Simply find equivalent resistance seen by looking into A-B terminals
View attachment 75613
This is nothing more than a resistor combinations (series and parallel).

ok so i have come out with Vth= 2.7v and Rth= 2.15 ohms.

What would be the next step to finding the current passing through the 5 ohm resistor?

 

Any ideas?

 

Any ideas?

I have been trying to figure it out for the last 2 days and i havent had a clue. haha
I think my brain has melted!

 

I have been trying to figure it out for the last 2 days and i havent had a clue. haha
I think my brain has melted!

Well simply, you find Vth and Rth so now you can replace this circuit
View attachment 75612

With this one

 

I have been trying to figure it out for the last 2 days and i havent had a clue. haha
I think my brain has melted!

Remember what the whole point behind a Thevenin or Norton equivalent circuit is:

You have a complicated circuit that has a bunch of stuff including one component (which may, of course, be a group of components) that you are interested in knowing the voltage and current for.
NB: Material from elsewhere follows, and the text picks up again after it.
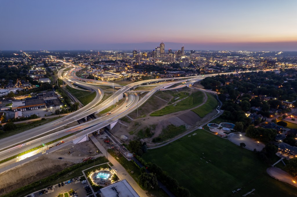The I-65/I-70 North Split in Indianapolis – originally built in the 1960s and 1970s – is central Indiana’s busiest interchange, serving 220,000 motorists daily. However, over that half century of use, the highway pavement and nearly 50 bridges along that corridor deteriorated – with crash rates exceeding statewide urban interstate averages. To address those issues, the Indiana Department of Transportation undertook a $350 million reconstruction project to improve roadway capacity, eliminate weaving, and reduce merging – thereby enhancing traffic flow, access, and safety. The project also boosted downtown walkability with upgraded sidewalks and lighting at all crossings. The redesigned North Split now offers better traffic flow and safety while improving quality of life in surrounding neighborhoods. The project reduced highway noise with sound-absorptive barriers and specialized pavement treatments. Residents benefit from wider sidewalks, enhanced lighting, and the new Monon Loop urban trail. The interchange’s smaller footprint also created new greenspace – featuring natural grasses as well as 100,000 new shrubs, trees, and other plants – as well as utility upgrades as well as sewage and storm water drainage improvements.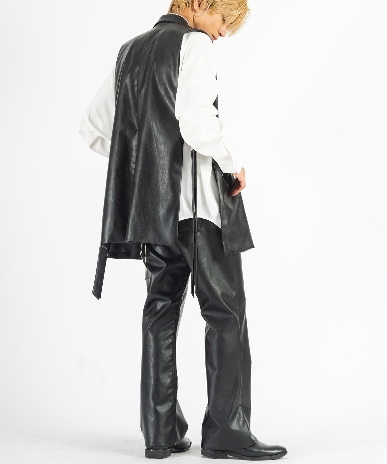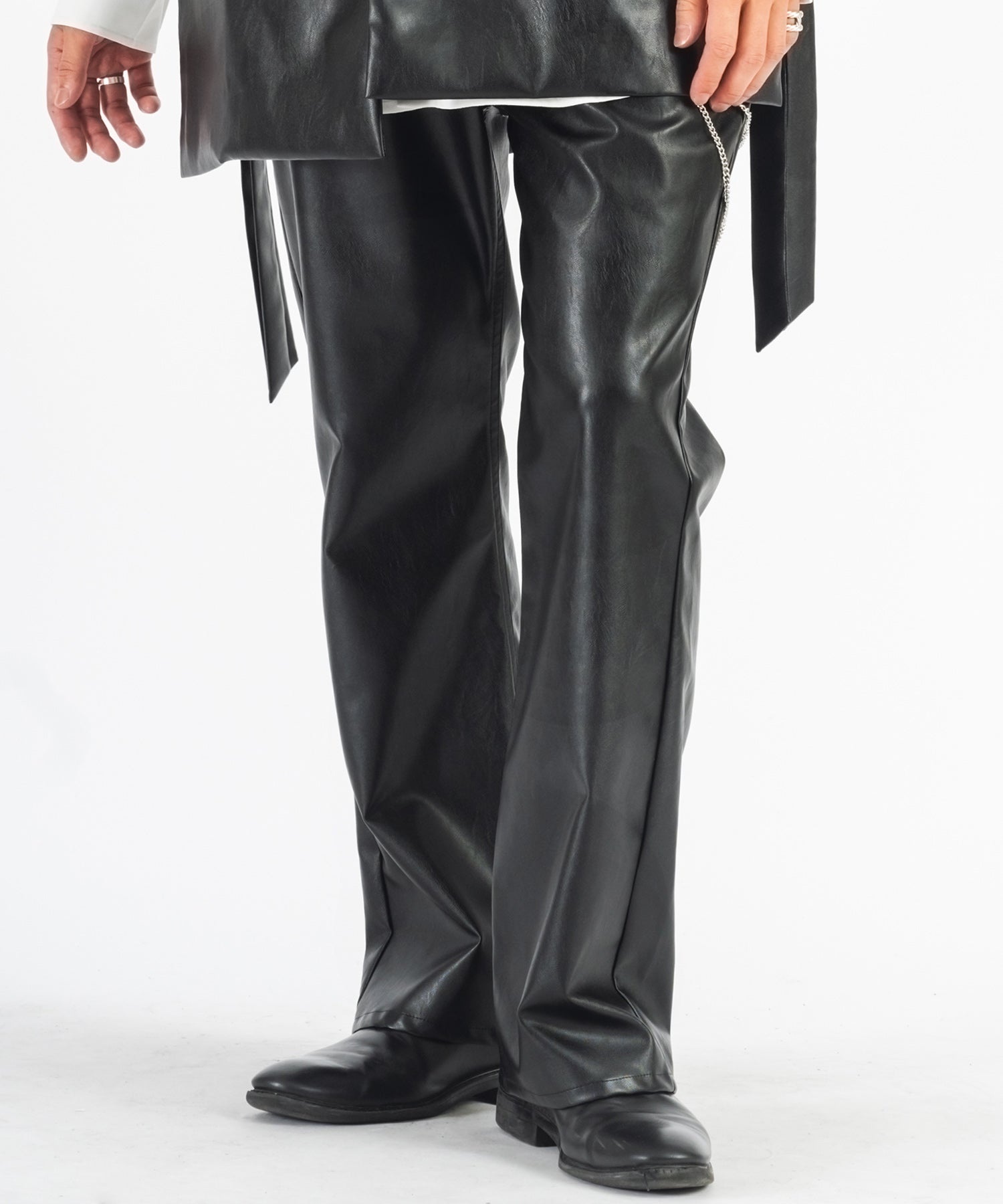 フェイクレザーフレアパンツ

The points at which the components you are interested in joins the rest of the circuit are the "ports". If there are only two ports, then you break the circuit into two pieces at the ports -- the piece you want to know about and everything else. You then analyze just the "everything else" part of the circuit and device a very simple equivalent circuit that has the same voltage/current behavior at the ports as the original part of the circuit that had "everything else". That means that you can replace "everything else" with the simple equivalent circuit and the component that you are interested in can't tell the difference.

With that in mind, now that you have a Thevenin equivalent circuit with a known voltage and resistance, what should you do next?

 

i DID I= Vth/ Rth + 5 = 2.7/ 7.15= 0.37a

Does this look right??

 

i DID I= Vth/ Rth + 5 = 2.7/ 7.15= 0.37a

Does this look right??

Always, always, ALWAYS track your units. Do NOT just throw whatever units you WANT the answer to have onto whatever number happens to end up at the end.

What you wrote and what you did are two different things. What you wrote:

I = (Vth/Rth) + 5Ω [Remember: Multiplication/division before addition/subtraction]

What you did:

I = Vth/(Rth + 5Ω)

The latter is what you wanted, so be sure that that is what you write. This is the kind of mistake that is VERY easy to make when you enter formulas into programs and spreadsheets and they are very difficult to catch because when YOU look at it your sloppiness has trained you to see what you WANT to see and not what you ACTUALLY wrote. The computer only cares about what you actually wrote.

Following through with units, you should have proceeded as:

I = 2.7V/(2.15Ω + 5Ω) = 2.7V/7.15Ω = 0.378 A

As a general rule when nothing else argues differently, answers should be given to three sig figs. Intermediate results should be carried with four or five sig figs to minimize cumulative round off errors. So what you actually should have ended up with was:

I = 2.717V/(2.151Ω + 5Ω) = 0.380 A

While it appears like a minor difference (and by and large it is), even this mild amount of round off error represents an error of 2.6% after just these few steps on this simple of a circuit. Hopefully you can appreciate how quickly round-off errors can accumulate to throw answers off by significant amounts.